Yahoo is continuing their buying binge in a bid to strengthen its core online advertising offerings.

Fresh off their $240 million purchase of mobile analytics standout Flurry in late July, and 13 other companyies so far this year, Sunnyvale-based Yahoo bought interactive photo ad network Luminate Friday for an undisclosed sum and did what they sometimes do when buying a company.

They shut it down.

In a post on the Luminate homepage early Friday evening, chief executive and co-founder James Everingham said the startup’s more than 10,000 publishers and customers would have until Oct. 1 to access existing accounts and information before the plug was pulled.

The post stated:

“We are thrilled to be joining Yahoo where we can continue to bring innovative experiences to an even larger audience. We will be stopping all of our in-image services as of Wednesday, September 3, 2014. If you are a Luminate publisher, our JavaScript snippet will no longer run anything on your site.

If your site(s) have individually earned over $10, you will be receiving a final payment for each site by September 30, 2014. If you are a Luminate Direct advertiser, you will be refunded the remainder of your balance by September 30, 2014.”

Everingham is a former Netscape vet, having run that storied Valley’s browser development group. Other members of the Luminate team include Yahoo and LiveOps vets. Luminate has been tagged the “AdSense of mages,” and the startup built out a respectable interactive advertising photo platform which was used by over 10,000 publishers.

How much money Yahoo paid for the company has not been publicly released. Prior to the purchase, Luminate had raised a total of $29 million in funding, including some cash from Google Ventures. The startup came out with its “AdSense for images” feature earlier this year.

Analyst R. Ray Wang of Constellation Research said the deal makes sense for Yahoo, because, as he put it, the Sunnyvale, Calif.-based giant is diligently building out its expanding advertising network.
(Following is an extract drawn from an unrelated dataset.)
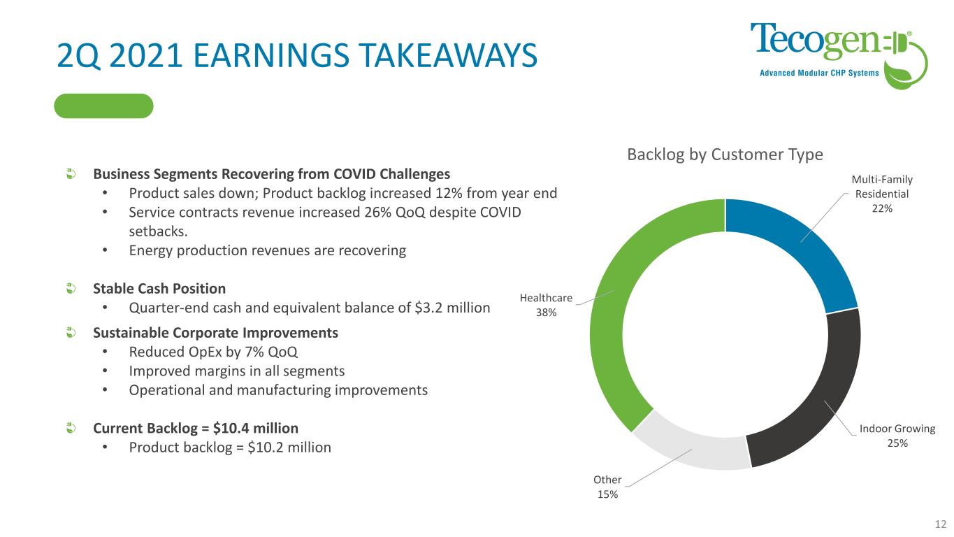 PERFORMANCE BY SEGMENT Product revenue decreased 35% QoQ • Cogeneration sales impacted by COVID-19 • Chiller sales improving • Product backlog improving Service revenue declined 1% QoQ • Installation services down 73% QoQ • Service contracts/parts up 26% QoQ • Services Gross Margin increased to 50% Energy Production increased 34% QoQ • Energy production sites are resuming normal operations Gross Margin 46% 11 2Q Revenue ($ thousands) 2021 2020 YoY Growth Revenue Cogeneration 1,050$ 3,108$ -66% Chiller 1,089 235 364% Engineered accessories 307 443 -31% Total Product Revenue 2,446 3,786 -35% Service Contracts 3,084 2,455 26% Installation Services 244 918 -73% Total Service Revenue 3,328 3,373 -1% Energy Production 371 276 34% Total Revenue 6,145 7,435 -17% Cost of Sales Products 1,391 2,220 -37% Services 1,679 2,103 -20% Energy Production 232 206 13% Total Cost of Sales 3,302 4,529 -27% Gross Profit 2,843 2,906 -2% Net income (loss) 400$ (654)$ Gross Margin Products 43% 41% Services 50% 38% Aggregate Products and Services 47% 40% Energy Production 37% 25% Overall 46% 39% QTD Gross Margin 2021 2020 Target Overall 46% 39% >40%

He said Google had been using similar technology like Luminate produces with excellent results.

“Luminate created an interesting model that was pay-per-performance-based. There’s three things at issue here. Image-text ads, full-display ads and product ads. Luminate are really good at this and have a high click-through rate. This really is a smart acquisition,” Wang said.

Wang said Yahoo’s buying binge will not end with the purchase of Luminate.

“There’s a lot more, really, and this is a big one,” he said.